Backward reasoning starts from the _goal_, and iteratively reasons about what
would imply the goal, until premises or previously proven theorems are reached.
If you've seen informal proofs before (for example, in a math or computer
science class), they probably used forward reasoning. In general, idiomatic use
of Idris elab scripts tends to favor backward reasoning, but in some situations
the forward style can be easier to think about.


==== Exercise: 3 stars, recommended (plus_n_n_injective)

Practice using "in" variants in this exercise. (Hint: use \idr{plus_n_Sm}.)

> plus_n_n_injective : n + n = m + m -> n = m
> plus_n_n_injective = ?plus_n_n_injective_rhs

$\square$


== Varying the Induction Hypothesis

Sometimes it is important to control the exact form of the induction hypothesis
when carrying out inductive proofs in Idris elab script. In particular, we need
to be careful about which of the assumptions we move (using \idr{intros}) from
the goal to the context before invoking the \idr{induction} tactic. For example,
suppose we want to show that the \idr{double} function is injective -- i.e., that
it maps different arguments to different results:

> double_injective : double n = double m -> n = m
> double_injective {n=Z} {m=Z} _ = Refl
> double_injective {n=Z} {m=(S _)} Refl impossible
> double_injective {n=(S _)} {m=Z} Refl impossible
> double_injective {n=(S n')} {m=(S m')} eq =
>   let eqss = succInjective _ _ $ succInjective _ _ eq
>   in rewrite double_injective {n=n'} {m=m'} eqss in Refl

\todo[inline]{Edit the rest of the section to use \idr{induction}?}

The way we _start_ this proof is a bit delicate: if we begin with

      intros n. induction n.

all is well. But if we begin it with

      intros n m. induction n.

we get stuck in the middle of the inductive case...

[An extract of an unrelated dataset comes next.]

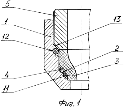 Промывочный узел содержит полый корпус 1 с коническим опорным уступом 2 на внутренней поверхности, на котором установлена гидромониторная насадка 3 с уплотнительным элементом 4. Насадка 3 поджимается к корпусу 1 нижним торцом фиксатора, выполненного в виде резьбовой втулки 5. Корпус 1 выполнен с тремя коническими участками 6, 7 и 8 на внутренней поверхности, а насадка 4 с двумя коническими участками 9 и 10 на наружной поверхности, расположенными оппозитно по отношению к нижним коническим участкам 7 и 8 корпуса 1. Конические участки 7, 8 корпуса 1 и 9, 10 – насадки 3 в рабочем положении смещены один относительно другого по высоте и образуют гнезда под основной 4 и нижний дополнительный уплотнительный элемент 11. При этом гнездо под верхний уплотнительный элемент 12 образовано коническим участком 6 корпуса 1 и коническим участком 13 нижней части резьбовой втулки 5. Конические участки 6-8 корпуса и 9-10 насадки выполнены в форме обратного конуса, т.е. когда вершина конуса обращена в сторону насадки 3. При этом угол конусности конических участков 6-8 корпуса и конических участков 9-10 насадки 3 уменьшается от участков с большим диаметром к участкам с меньшем диаметром, т.е. наибольший угол конусности имеет участок под верхний дополнительный уплотнительный элемент 12, а наименьший участок – под нижний уплотнительный элемент 11. Благодаря такому выполнению конических участков обеспечиваются одинаковые условия работы всех уплотнительных элементов 4, 11 и 12. Объясняется это тем, что уплотнительные кольца имеют разную площадь контакта с корпусом 1, а усилие поджатия, действующее на них от резьбовой втулки 5 одинаково. Благодаря же изменению угла наклона конических участков можно обеспечить одинаковую удельную нагрузку на уплотнительные элементы 4, 11 и 12 и тем самым обеспечить их равностойкость. Верхний уплотнительный элемент 12 расположен в зоне контакта корпуса 1, насадки 3 и фиксатора в виде резьбовой втулки 5 в гнезде, образованном коническими участками 6 и 13 соответственно корпуса 1 и резьбовой втулки 5. Нижний уплотнительный элемент 11 расположен в гнезде, образованном коническими участками 8 и 10 соответственно корпуса 1 и насадки 3, и смещен относительно основного уплотнительного элемента 4 в сторону оси насадки 3.

Theorem double_injective_FAILED : ∀n m,
     double n = double m -> n = m.
Proof.
  intros n m. induction n as [| n']. - (* n = Z *) simpl. intros eq. destruct m
  as [| m'].
    + (* m = Z *) reflexivity. + (* m = S m' *) inversion eq.
  - (* n = S n' *) intros eq. destruct m as [| m'].
    + (* m = Z *) inversion eq. + (* m = S m' *) apply f_equal.

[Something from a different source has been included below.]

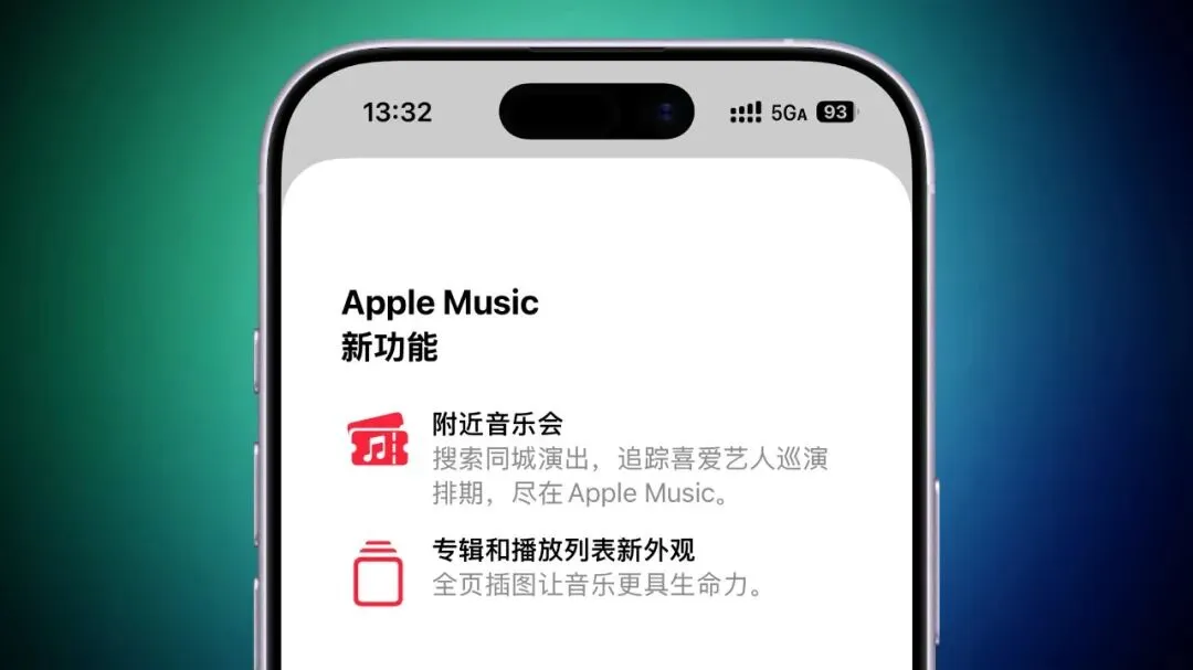 Apple Music 播放列表和专辑页面会自动匹配封面的色彩,提供全屏背景。新的「附近音乐会」功能可以找到所在地区的演出,追踪喜欢艺人巡演排期。

At this point, the induction hypothesis, IHn', does not give us n' = m' -- there
is an extra S in the way -- so the goal is not provable.

      Abort.

What went wrong?

The problem is that, at the point we invoke the induction hypothesis, we have
already introduced m into the context -- intuitively, we have told Coq, "Let's
consider some particular n and m..." and we now have to prove that, if double n
= double m for these particular n and m, then n = m.

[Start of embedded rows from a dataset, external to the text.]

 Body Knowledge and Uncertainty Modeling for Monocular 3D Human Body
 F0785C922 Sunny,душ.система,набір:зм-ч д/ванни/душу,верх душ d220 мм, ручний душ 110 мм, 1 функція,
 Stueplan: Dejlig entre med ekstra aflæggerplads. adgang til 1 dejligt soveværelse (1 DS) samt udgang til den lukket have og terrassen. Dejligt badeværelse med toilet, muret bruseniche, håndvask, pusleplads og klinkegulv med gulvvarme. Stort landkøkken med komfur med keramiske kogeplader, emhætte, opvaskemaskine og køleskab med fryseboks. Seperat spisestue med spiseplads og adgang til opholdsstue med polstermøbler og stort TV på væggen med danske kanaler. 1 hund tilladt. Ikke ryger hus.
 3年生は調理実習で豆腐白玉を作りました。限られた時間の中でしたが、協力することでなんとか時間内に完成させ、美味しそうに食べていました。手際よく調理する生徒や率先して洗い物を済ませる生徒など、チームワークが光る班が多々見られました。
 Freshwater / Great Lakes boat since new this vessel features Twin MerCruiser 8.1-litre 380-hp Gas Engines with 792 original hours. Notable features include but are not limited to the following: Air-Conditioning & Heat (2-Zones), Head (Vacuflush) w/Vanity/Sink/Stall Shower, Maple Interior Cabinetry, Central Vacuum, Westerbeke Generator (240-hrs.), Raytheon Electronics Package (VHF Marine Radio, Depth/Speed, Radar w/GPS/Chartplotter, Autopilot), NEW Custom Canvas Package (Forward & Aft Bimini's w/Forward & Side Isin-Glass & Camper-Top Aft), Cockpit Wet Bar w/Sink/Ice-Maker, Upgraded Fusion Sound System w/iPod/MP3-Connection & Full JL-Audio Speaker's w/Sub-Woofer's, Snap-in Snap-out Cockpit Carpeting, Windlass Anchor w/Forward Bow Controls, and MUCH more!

The next tactic, induction n says to Coq: We are going to show the goal by
induction on n. That is, we are going to prove, for all n, that the proposition

  - P n = "if double n = double m, then n = m"

holds, by showing

  - P Z
    (i.e., "if double Z = double m then Z = m") and

  - P n -> P (S n)
    (i.e., "if double n = double m then n = m" implies "if double (S n) = double
    m then S n = m").

If we look closely at the second statement, it is saying something rather
strange: it says that, for a particular m, if we know

  - "if double n = double m then n = m"

then we can prove

  - "if double (S n) = double m then S n = m".

To see why this is strange, let's think of a particular m -- say, 5. The
statement is then saying that, if we know

  - Q = "if double n = 10 then n = 5"

then we can prove

  - R = "if double (S n) = 10 then S n = 5".

But knowing Q doesn't give us any help at all with proving R! (If we tried to
prove R from Q, we would start with something like "Suppose double (S n) =
10..." but then we'd be stuck: knowing that double (S n) is 10 tells us nothing
about whether double n is 10, so Q is useless.)

Trying to carry out this proof by induction on n when m is already in the
context doesn't work because we are then trying to prove a relation involving
every n but just a single m.

The successful proof of double_injective leaves m in the goal statement at the
point where the induction tactic is invoked on n:

Theorem double_injective : ∀n m,
     double n = double m -> n = m.
Proof.
  intros n. induction n as [| n']. - (* n = Z *) simpl. intros m eq. destruct m
  as [| m'].
    + (* m = Z *) reflexivity. + (* m = S m' *) inversion eq.

  - (* n = S n' *) simpl.

Notice that both the goal and the induction hypothesis are different this time:
the goal asks us to prove something more general (i.e., to prove the statement
for every m), but the IH is correspondingly more flexible, allowing us to choose
any m we like when we apply the IH.

    intros m eq.

Now we've chosen a particular m and introduced the assumption that double n =
double m. Since we are doing a case analysis on n, we also need a case analysis
on m to keep the two "in sync."

    destruct m as [| m']. + (* m = Z *) simpl.

The 0 case is trivial:

      inversion eq.

    + (* m = S m' *)
      apply f_equal.

At this point, since we are in the second branch of the destruct m, the m'
mentioned in the context is the predecessor of the m we started out talking
about. Since we are also in the S branch of the induction, this is perfect: if
we instantiate the generic m in the IH with the current m' (this instantiation
is performed automatically by the apply in the next step), then IHn' gives us
exactly what we need to finish the proof.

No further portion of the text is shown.